Managing an HPC server can be a tricky job, and managing multiple servers even more complex. Adding GPUs adds even more power yet new levels of granularity. Luckily, there’s a powerful, and effective tool available for managing multiple servers or a cluster of GPUs: NVIDIA Datacenter GPU Manager.

Executing hardware or health checks

DCGM’s power comes from its ability to access all kinds of low level data from the GPUs in your system. Much of this data is reported by NVML (NVIDIA Management Library), and it may be accessible via IPMI on your system. But DCGM helps make it far easier to access and use the following:

Report what GPUs are installed, in which slots and PCI-E trees and make a group

Build a group of GPUs once you know which slots your GPUs are installed in and on which PCI-E trees and NUMA nodes they are on. This is great for binding jobs, linking available capabilities.

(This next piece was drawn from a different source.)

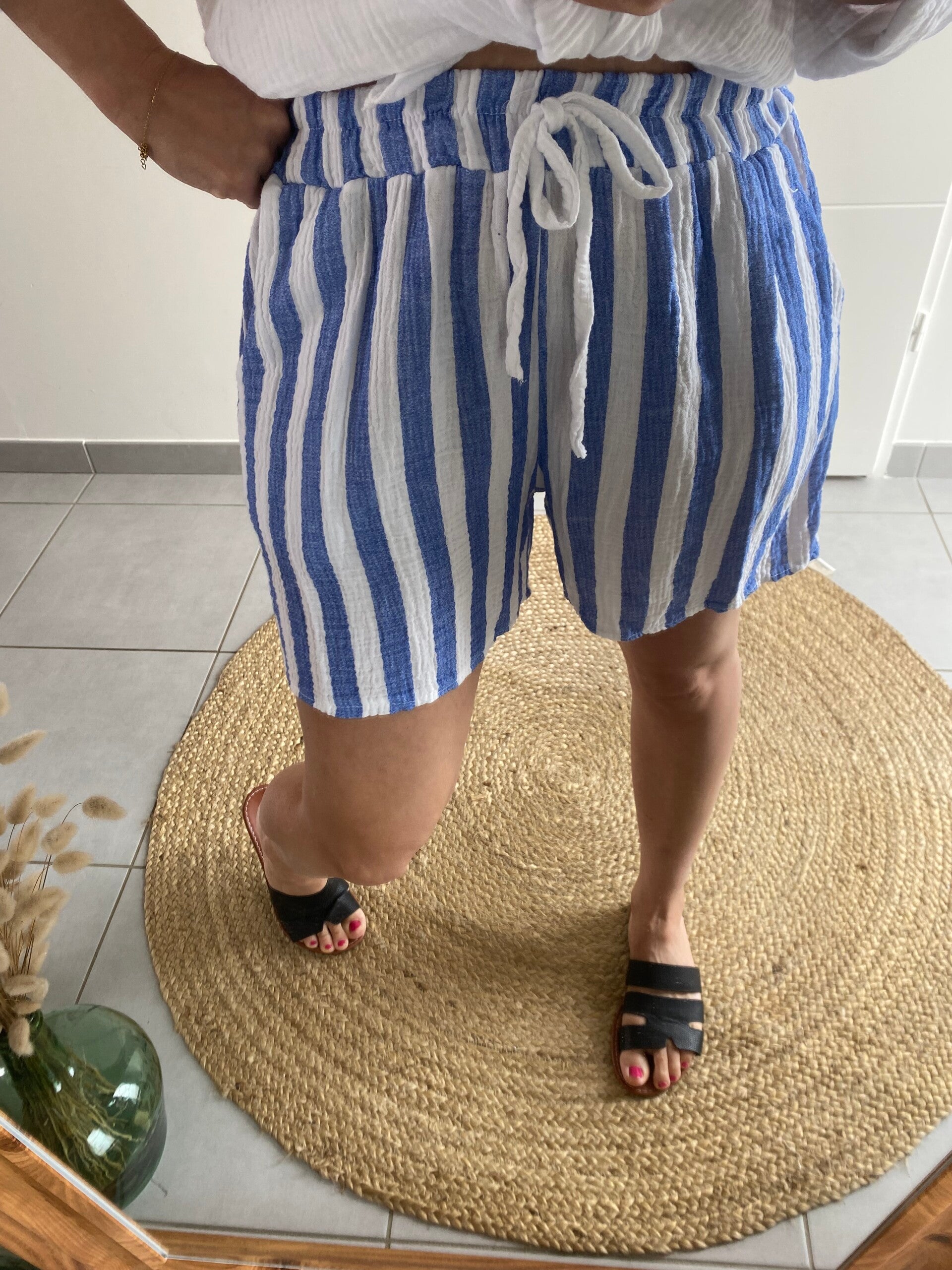 ✨short en gaze de coton ,avec deux poches taille élastique . Longueur 3/4 de cuisses ✨

Determine GPU link states, bandwidths

Provide a report of the PCI-Express link speed each GPU is running at. You may also perform D2D and H2D bandwidth tests inside your system (to take action on the reports)

Read temps, boost states, power consumption, or utilization

Deliver data on the energy usage and utilization of your GPUs. This data can be used to control the cluster

Driver versions and CUDA versions

Report on the versions of CUDA, NVML, and the NVIDIA GPU driver installed on your system

Run sample jobs and integrated validation

Run basic diagnostics and sample jobs that are built into the DCGM package.

Set policies

DCGM provide a mechanism to set policies to a group of GPUs.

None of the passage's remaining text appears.